The Loop Game: Quality Assessment and Optimization for Low-Light Image Enhancement
Danni Huang, Lingyu Zhu, Zihao Lin, Hanwei Zhu, Shiqi Wang, Baoliang Chen
TL;DR
The paper tackles the gap between low-light image enhancement and perceptual quality by arguing that fidelity alone does not capture human visual satisfaction. It proposes a loop-closure framework and the QUOTE-LOL dataset, including a NR-IQA model based on deep feature statistics to guide enhancement via perceptual feedback. A fidelity-quality joint loss, $L = L_f + \lambda_5 L_q$, drives optimization of an EDSR backbone while the IQA model is iteratively refined through the loop, enabling continual improvement for up to 10 iterations.
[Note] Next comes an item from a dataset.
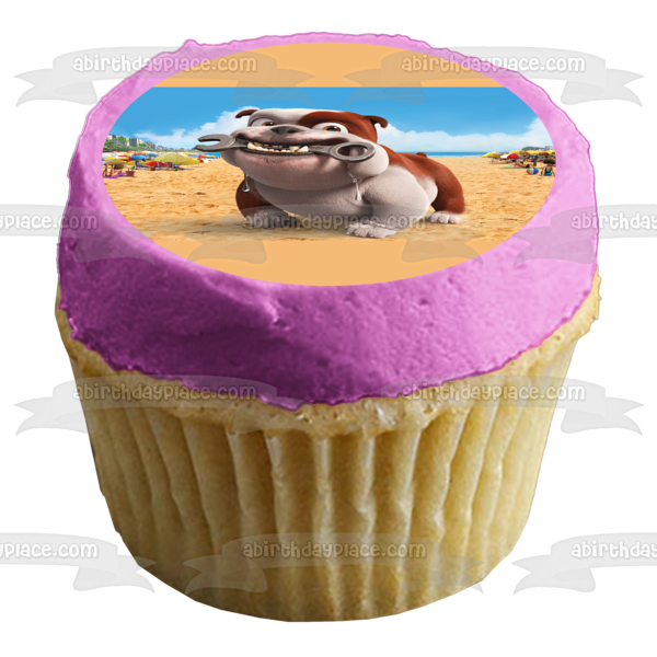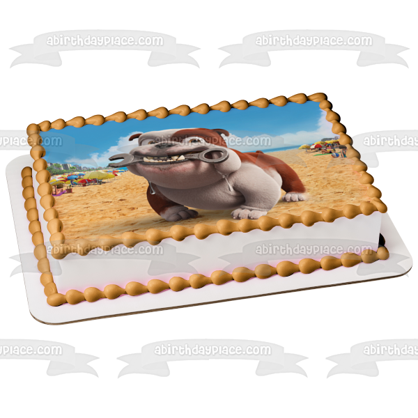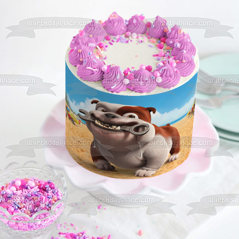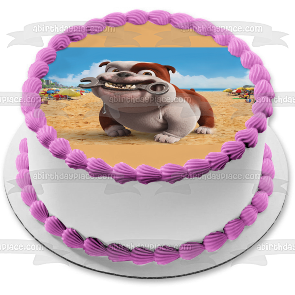 Celebrate your day with this Rio themed Edible Cake Topper Image featuring Luiz, the Bulldog Mechanic with a Wrench on the Beach!

Experiments on QUOTE-LOL and LOL-derived data show substantial perceptual gains and evidence of generalization in unsupervised settings, highlighting the practical impact of integrating assessment and enhancement for low-light imaging.
Abstract
There is an increasing consensus that the design and optimization of low light image enhancement methods need to be fully driven by perceptual quality. With numerous approaches proposed to enhance low-light images, much less work has been dedicated to quality assessment and quality optimization of low-light enhancement. In this paper, to close the gap between enhancement and assessment, we propose a loop enhancement framework that produces a clear picture of how the enhancement of low-light images could be optimized towards better visual quality. In particular, we create a large-scale database for QUality assessment Of The Enhanced LOw-Light Image (QUOTE-LOL), which serves as the foundation in studying and developing objective quality assessment measures. The objective quality assessment measure plays a critical bridging role between visual quality and enhancement and is further incorporated in the optimization in learning the enhancement model towards perceptual optimally. Finally, we iteratively perform the enhancement and optimization tasks, enhancing the low-light images continuously. The superiority of the proposed scheme is validated based on various low-light scenes.